It's about email as single factor auth, which has become very trendy of late. You just enter your email address, no password, and the email you a code. Access to your email is the only authentication.
The first bullet point is "Enter an email address or phone number".
That's not MFA. MFA stands for multi-factor authentication. If the authentication only requires a code sent to an email OR phone number, that's just a single factor.
But then, email always was the only authentication. On any site, click "forgot password" and promptly they send you a reset password link. Very few sites have a challenge question.
Anthropic is the main one. Its pushing a lot of others to do the same. I literally was arguing against that 2 weeks ago and the person who was pushing it said "Claude does that. Its really slick, no password to remember".
Patreon can do that too, depending on how you sign up.
It’s not slick at all. Passwords and MFA autofill, their image codes don’t, so I have to close the browser, go to email, copy code, delete email, go to browser, paste code just to login.
The entire email login flow is completely retarded. It’s not even secure.
Only in an abstract threat model sense. In real world phishing its pretty different.
Its super odd if you land on facebook.com-profilesadfg.info/login thinking its just Facebook and try to login but get a "password reset" email. Most people would be confused as they don't want to reset their password.
Having it for every login means that just missing the website URL, everything else is 100% legit.
In India, almost all websites & apps, send a OTP to either mobile or email & ask you to enter that to login. Most of them have even disabled password based login flows. Really grinds my gears.
The authentication factors of a multi-factor authentication scheme may include:
1. Something the user has: Any physical object in the possession of the user, such as a security token (USB stick), a bank card, a key, a phone that can be reached at a certain number, etc.

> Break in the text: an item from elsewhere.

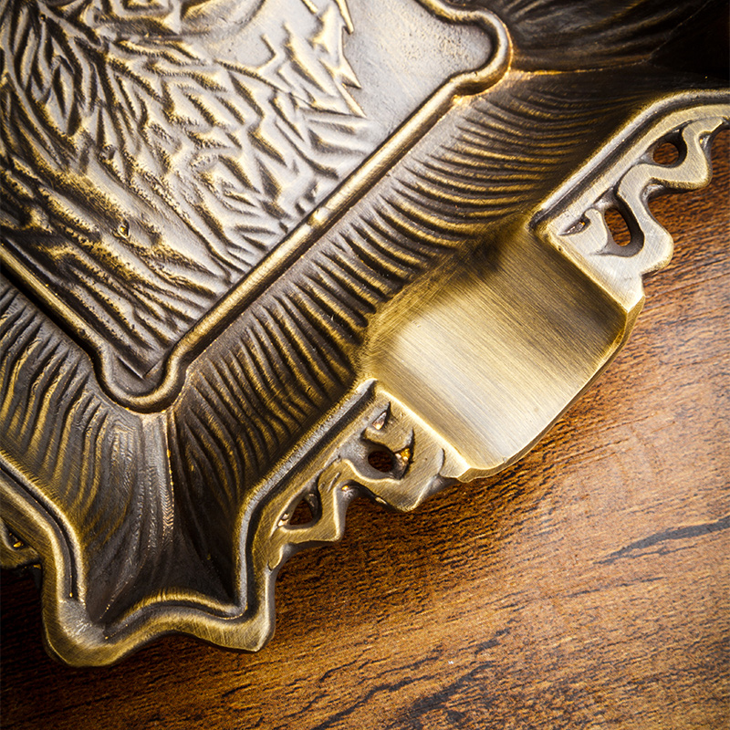 Thiết kê tinh xảo, sang trọng, hoa văn đẹp, mầu đồng cổ điển. + Chất liệu bằng Hợp kim, chắc chắn, bền mầu. + Gạt đóng, mở nắp để sử dụng, không bị văng tàn

2. Something the user knows: Certain knowledge only known to the user, such as a password, PIN, PUK, etc.
3. Something the user is: Some physical characteristic of the user (biometrics), such as a fingerprint, eye iris, voice, typing speed, pattern in key press intervals, etc.
Email and phone are both in category one, comprising only one unique factor.
What is the minimum number of things you need access to in order to log in?
If you have access to the phone, you can log in. OR if you have access to the email account, you can log in.
You don't need to know the user's password, you only need access to one of these inboxes and nothing else. One-factor authentication, but worse, because there are multiple attack surfaces.
While the premise is correct -- it's easy to complain but the author also provides zero recommendations on what is a better form of MFA.